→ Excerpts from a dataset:
------------------------

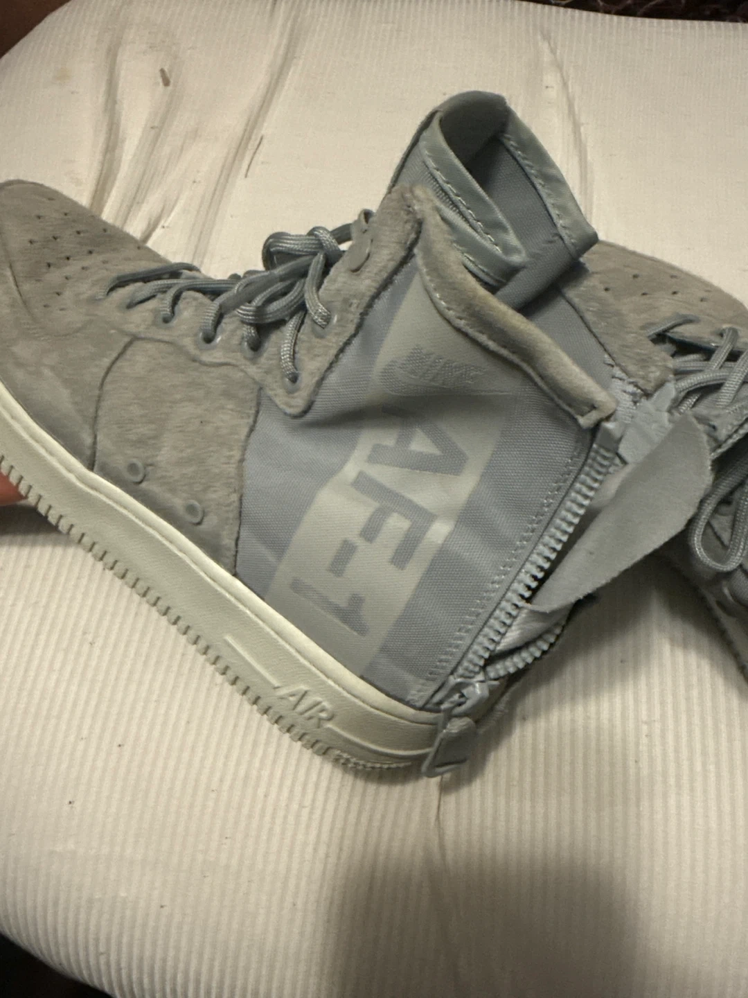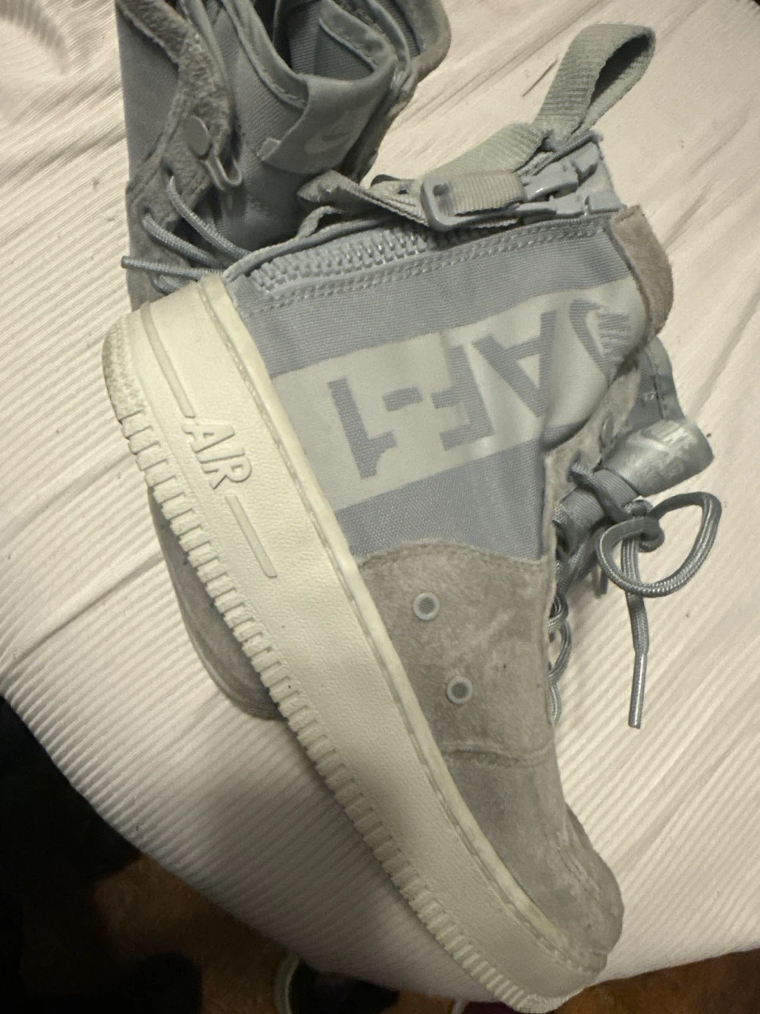 Selling a pair of Nike Air Force 1 High sneakers in grey! They show some signs of wear, but still have lots of life left. These are a stylish and comfortable choice for everyday wear!
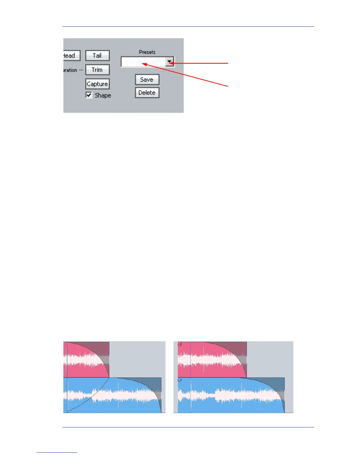 Clip, Head or Tail button to capture the fade length and shape from the current clip.
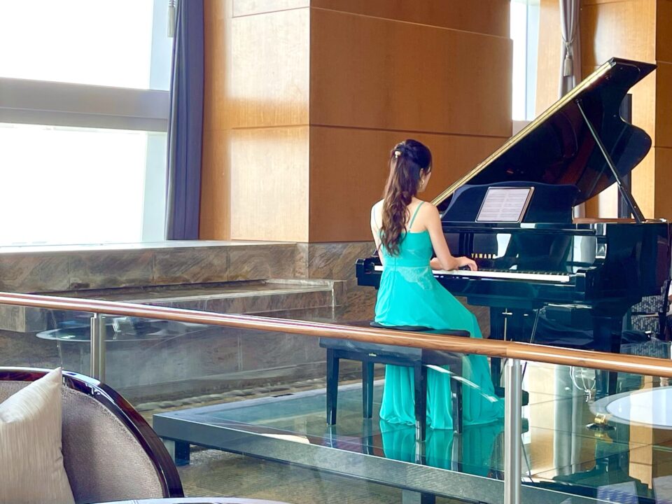 時間帯によってはピアノの生演奏を聴きながら贅沢な時間を過ごせます。
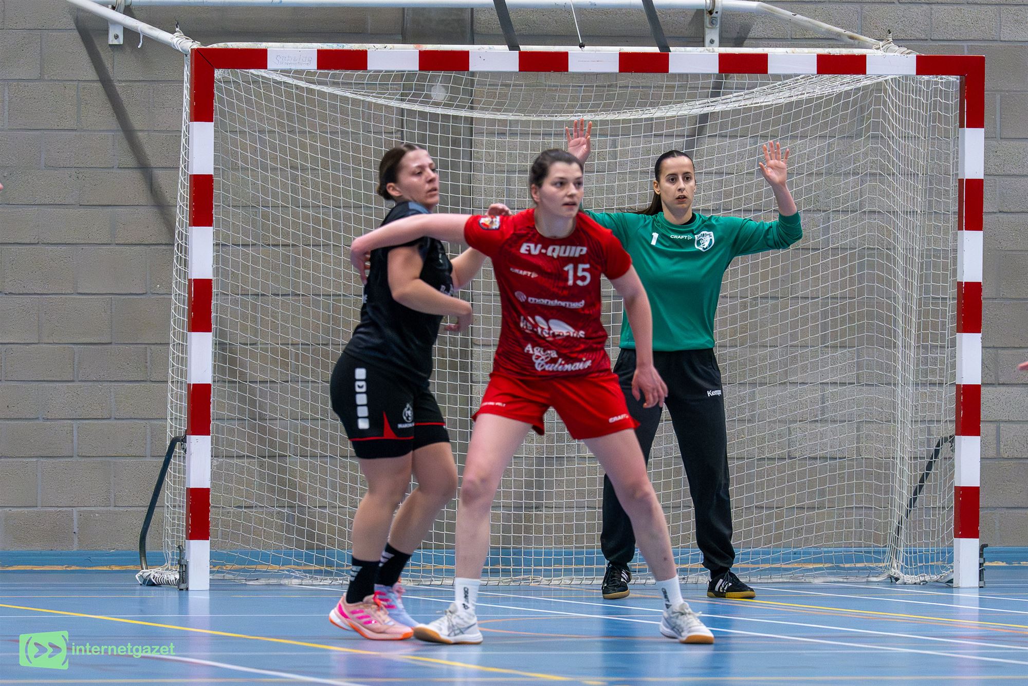 Na dertien speelminuten volgde een kantelmoment in de partij: kapitein Charlotte moest het veld verlaten na een rode kaart. Even leek dit de sfeer in de zaal te veranderen, maar Pelt liet zich niet van de wijs brengen. Integendeel, na twintig minuten stond er een duidelijke 12-5 voorsprong op het scorebord.
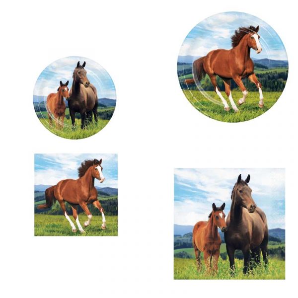 This pattern features a mare and foal on the lunch napkins and a mare with four white stockings and a white blaze on the dinner plates and beverage napkins. They have no date on them, so you can use them for this year’s Kentucky Derby party and next if you have some left over. Of course you can always add some solid color napkins or plates to the pattern to make them go a bit further.
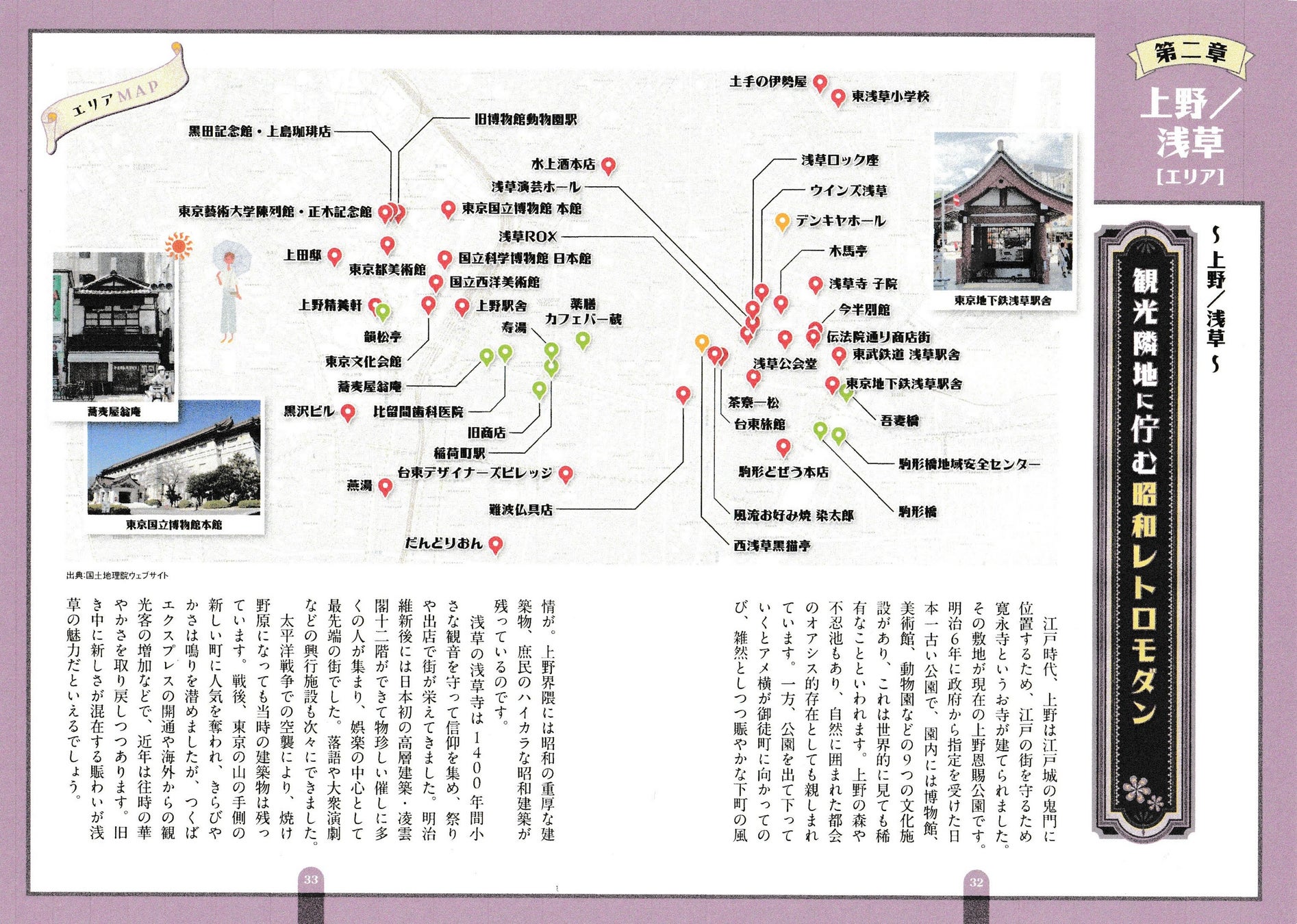 本書は、その「昭和の建物」を主役に、東京の街がどのように生まれ、変化してきたかを解き明かす、まったく新しい街歩きガイドです。下記の写真のように、上野や浅草、池袋などの街の中に点在する見ておきたい懐かしい建築物の建築場所、さらに写真でも紹介しています。
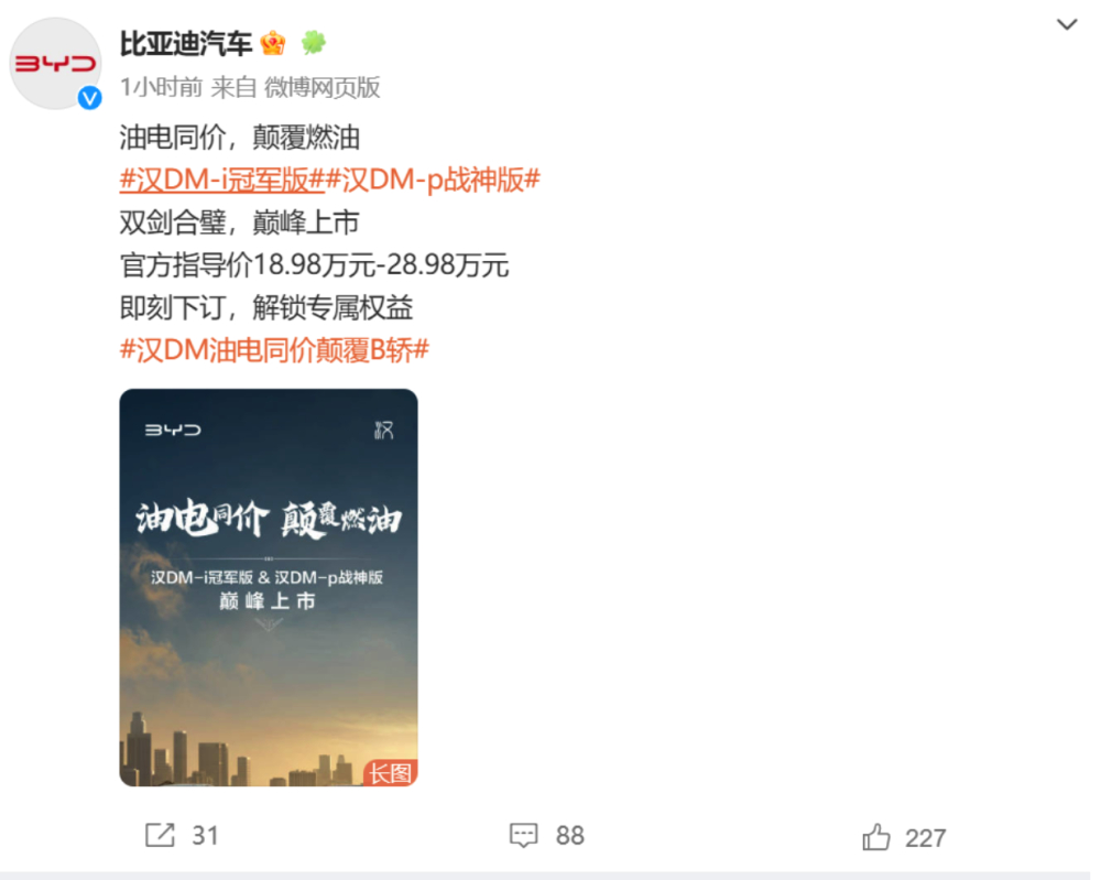 就在5月18日,比亚迪汽车官宣汉DM-i冠军版和汉DM-p战神版正式上市。新车共推出六种车型,汉DM-i冠军版价格在18.98万-24.9万,121KM精英型18.98万元,121KM尊贵型19.98

------------------------

Exactly as written, restate the lines above from the opening line through the one holding "Clip, Head or", omitting the pictures.

→ SOLUTION FOR THIS TASK:
 Selling a pair of Nike Air Force 1 High sneakers in grey! They show some signs of wear, but still have lots of life left. These are a stylish and comfortable choice for everyday wear!
 Clip, Head or Tail button to capture the fade length and shape from the current clip.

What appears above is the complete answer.